Adventure Curiously

Secrets of the Subway

Since 1904, New York City’s subway has played an integral role in keeping “The City That Never Sleeps” on the move. At any given time there are hundreds of thousands of city slickers moving below the streets between five boroughs at varying speeds. But there are also many miles of underground tunnels that have been long forgotten in the Big Apple – many of which continue to be a constant source of mystery and myth making.

Back in the late 1800s, New York made its first attempts at an underground railway with the Beach Pneumatic Transit System. Running a short path under Broadway, the project was abandoned after only three years and the entrance was sealed.The forgotten stretch was rediscovered in the 1910s when excavators for the current subway system ran into the tunnel, – finding abandoned rail car and all.

Not too far from this site of urban archeology is the defunct City Hall Station. Operating as the nexus on one of the first completed subway lines, it was only in use for forty years before closing in 1945. Designed to be the gem of the new transit line, no expense was spared.

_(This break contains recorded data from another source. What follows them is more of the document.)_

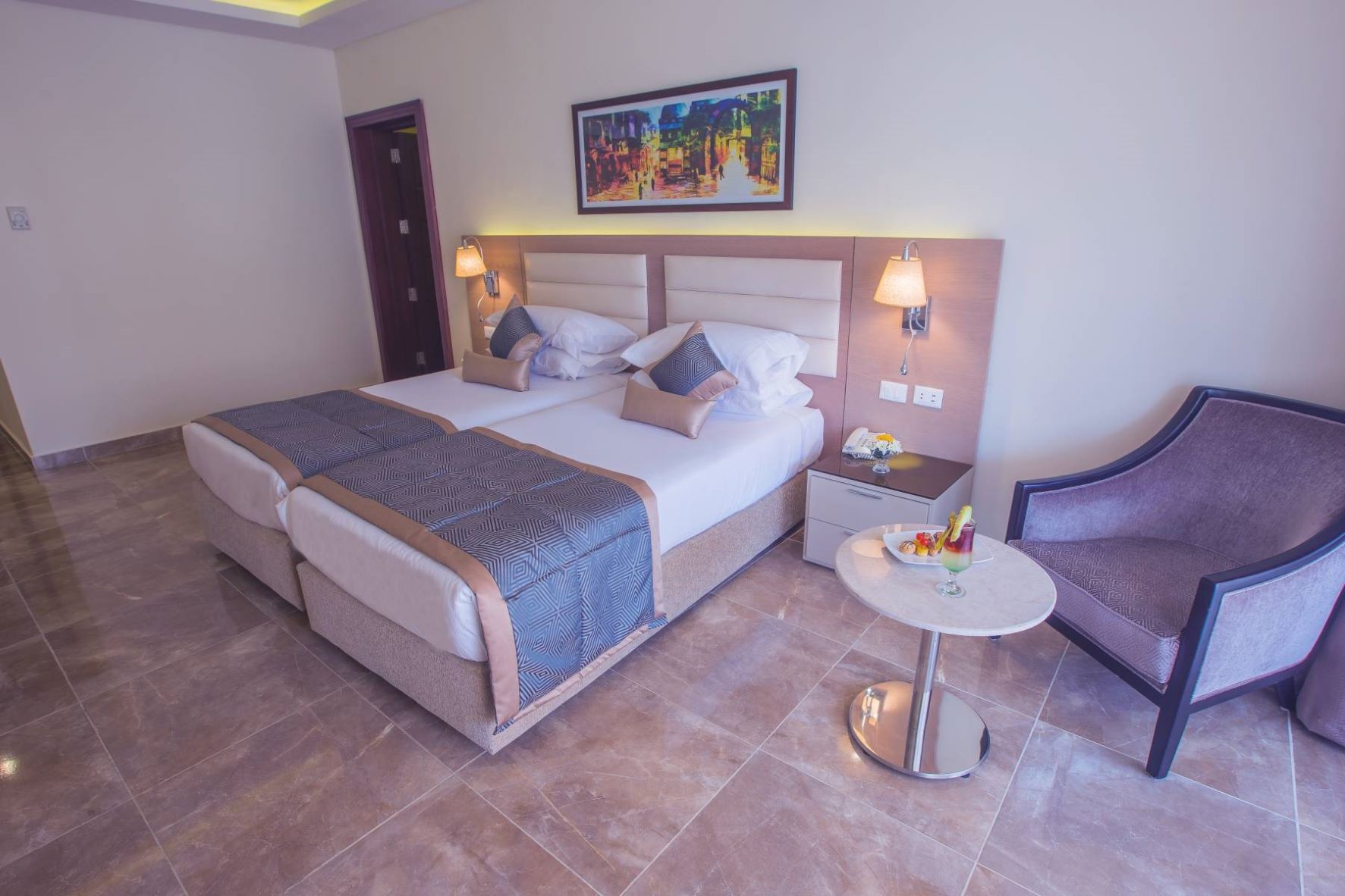 Hotel se nalazi iza hotela Dana Beach Resort, oko 900m od plaže do koje redovno vozi shuttle bus. Jedan manji deo je sa koralnim grebenom, što privlači veliki broj zaljubljenika u podvodni svet, a veći deo je lepo uređena kupališna zona sa plitkom vodom. Upotreba suncobrana i ležaljki je besplatna.
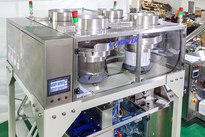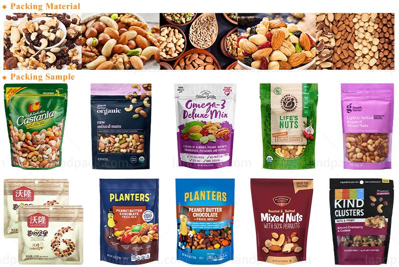 Landpack Economical Nuts Mixing Mini Zipper Pouch Doypack Filling Sealing Packaging Machine, it is suitable for conventional granular zipper bags, standing bags, pre-made bags packing such as nuts, spices, biscuits, beans, oats, candy, coffee beans, chocolate, pet food, potato chips, popcorn, dried fruits, etc.
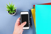 Zdjęcie "przycięty widok kobiety trzymającej smartfona w pobliżu szablonu projektu strony internetowej, tabletu cyfrowego i zielonej rośliny na beżowym tle" może być wykorzystywane do celów osobistych i komercyjnych zgodnie z warunkami zakupionej licencji Royalty-free. Obraz jest dostępny do pobrania w jakości wysokiej rozdzielczości do 5760x3840.
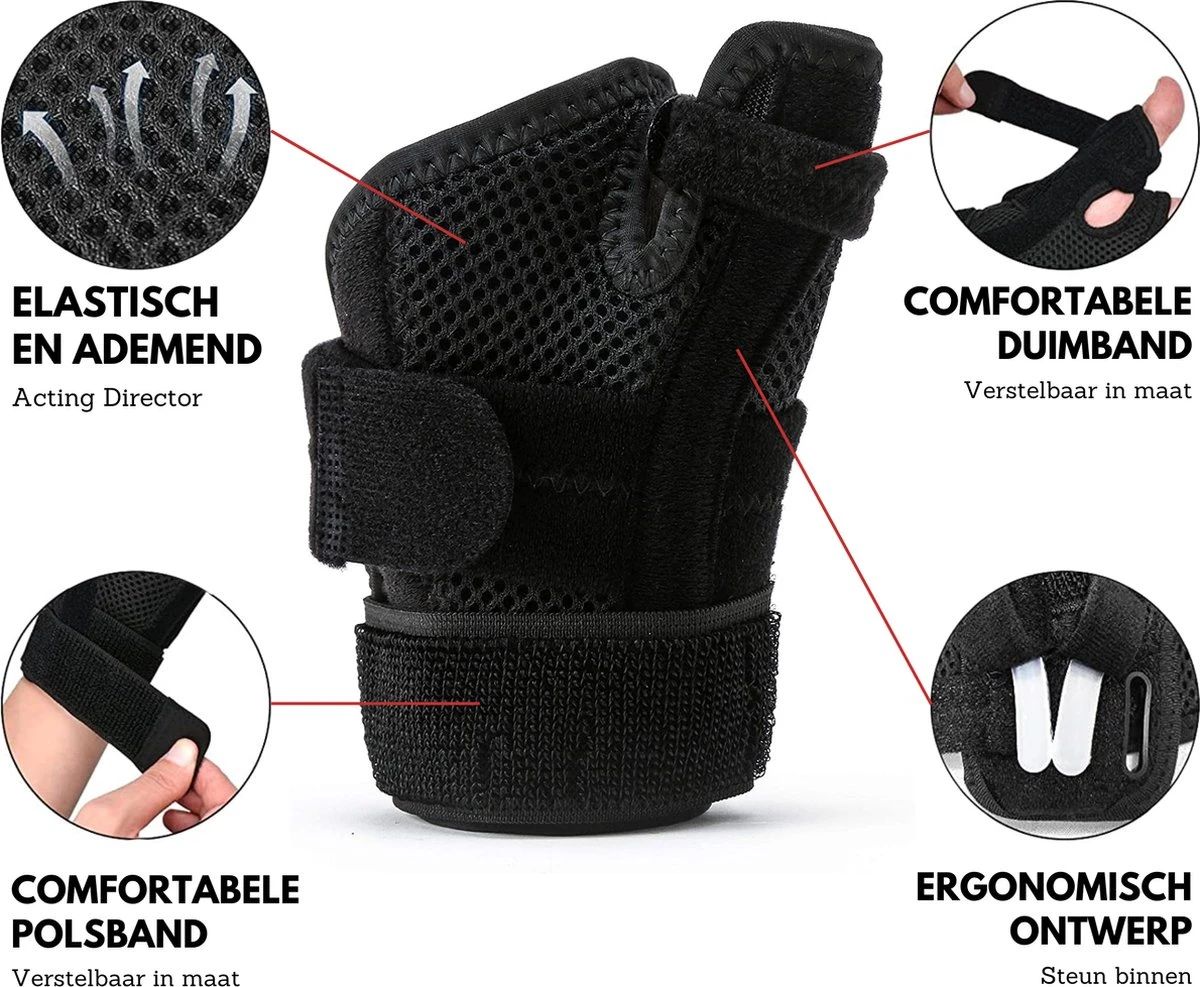 - Krachtige duimspalkbrace – De verbeterde spalk op de duim biedt sterke ondersteuning voor de duim, voorkomt herhaalde schade aan het duimgewricht, verlicht duimpijn en de riem op de duim kan de strakheid aanpassen aan uw behoeften.
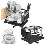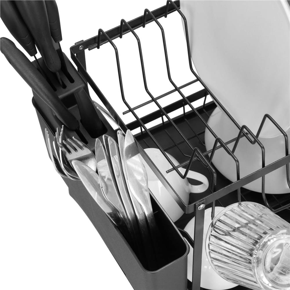Specificatii tehnice Material: Otel, plastic Culoare: Negru Dimensiuni totale: Lungime 42 cm, latime 30 cm, inaltime 31,5 cm Dimensiuni tava scurgere: 42x30x4 cm Lungime scurgere reglabila: 11-19 cm Dimensiuni nivel 1: 36x29x10,5 cm Dimensiuni nivel 2: 37×27,5×20 cm Distanta intre niveluri: 2,5 cm (baza – nivel 1), 20 cm (nivel 1 – nivel 2) Dimensiuni compartimente suport vase: 2,5×8,5 cm; 2×6,5 cm; 4×2,5 cm; 3×2,5 cm Dimensiuni suport tacamuri: 25,5x5x10,5 cm Dimensiuni orificii tacamuri: Lungime 2,5 / 3,8 / 4,6 cm; diametru 4 / 17,5 mm Grosime rame si tuburi: Rame tava 4 mm, rame suport 2 mm, tuburi structura 1,8 / 2 / 2,3 / 2,5 / 4 mm Scurta descriere Suport de vase pe 2 niveluri, cu tava de scurgere si suport detasabil pentru tacamuri, ideal pentru uscarea eficienta a farfuriilor, paharelor si ustensilelor. Construit din otel rezistent cu finisaj negru si elemente din plastic de calitate, are un design elegant, capacitate mare si este usor de curatat. Caracteristici principale Structura stabila si rezistenta 2 niveluri pentru uscarea vaselor Suport detasabil pentru tacamuri Suport lateral pentru prosop sau tocator Capacitate mare de organizare

Notable for its Romanesque Revival features, it has architectural details you would never find in a modern railway station,such as colored glass tiles, brass chandeliers, ornate arches, and skylights that lit up the entire platform on a sunny day. While it was designated a landmark by the city, the station only exists as an emergency exit, though if you stay aboard after the last stop on the 6-Train, you can get a sneak peek as the train does a U-turn through the station to head back uptown. 

It’s not just all abandoned stations down there though – some parts of the subway remain off-limits even to locals. Given New York’s status on the world stage, it attracts world leaders and the wealthy alike who demand luxury even dozens of feet below ground. In one instance, one subway line owner installed his own luxury car complete with a private bathroom and kitchen – in case they were hungry between stops.

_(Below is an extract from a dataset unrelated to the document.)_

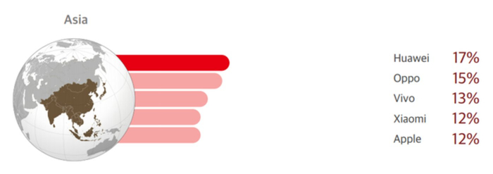 如果只看中国市场的Top5,那三星手机就只能归在other里面了。
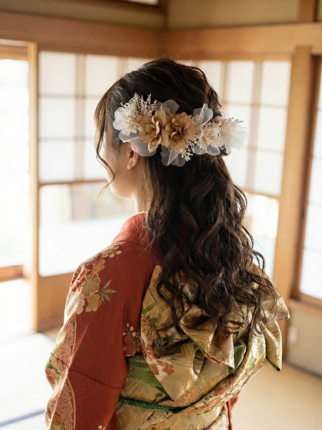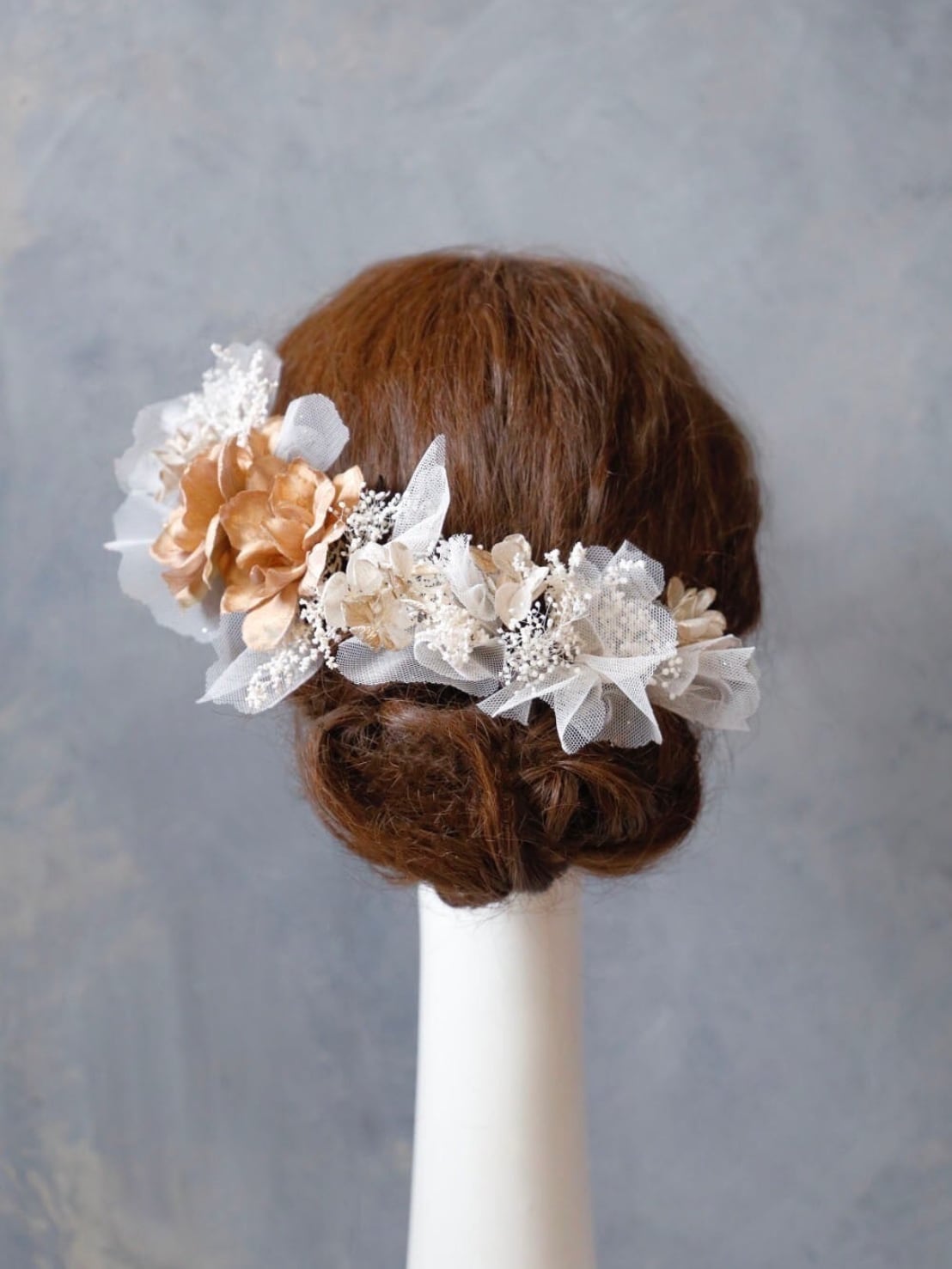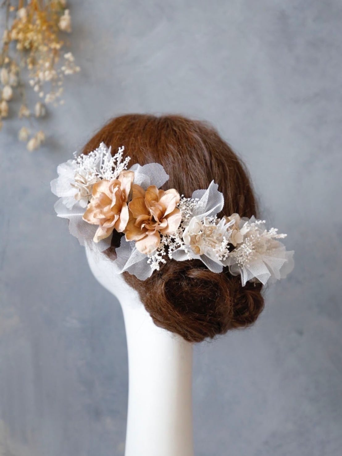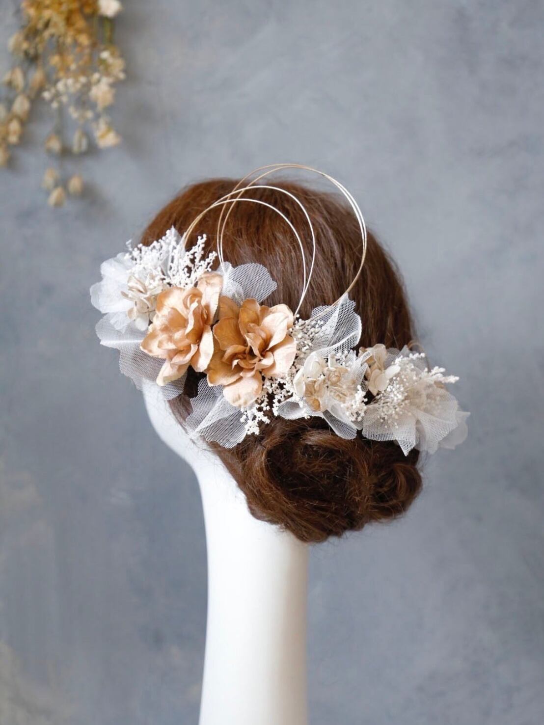 【橘tachibana髪飾り】 ゴールド ウェディング 袴 振袖 成人式 ヘアドレス ヘアパーツ プリザーブドフラワー ドライフラワー k-0017

If one digs deeper, there are more transportation links underground than just the subway. A private track connected to Grand Central Terminal was used by President Franklin Roosevelt who wanted to hide his wheelchair necessitated by worsening polio. On his city visits, Roosevelt would “disappear” below the hotel where a special car awaited. Rumor has it that track 61 is still in use as a secret line to transport today’s presidents and other politicos, and was even the site for Andy Warhol’s unsanctioned “underground parties” – we’re still waiting for our invitation.

For over a century, all kinds of activities were taking place far from the eye of the street level observer. The tunnels below New York mimic the fast pace that you see on the surface, creating an underground city of its own. And just like any city, there are vestiges of a forgotten time, when chandeliers hung in public places or when Warhol would have an invite-only party in a president’s private port-of-call. There are still many secrets left in those long forgotten underground tunnels, but you might want to save those discoveries to the excavators.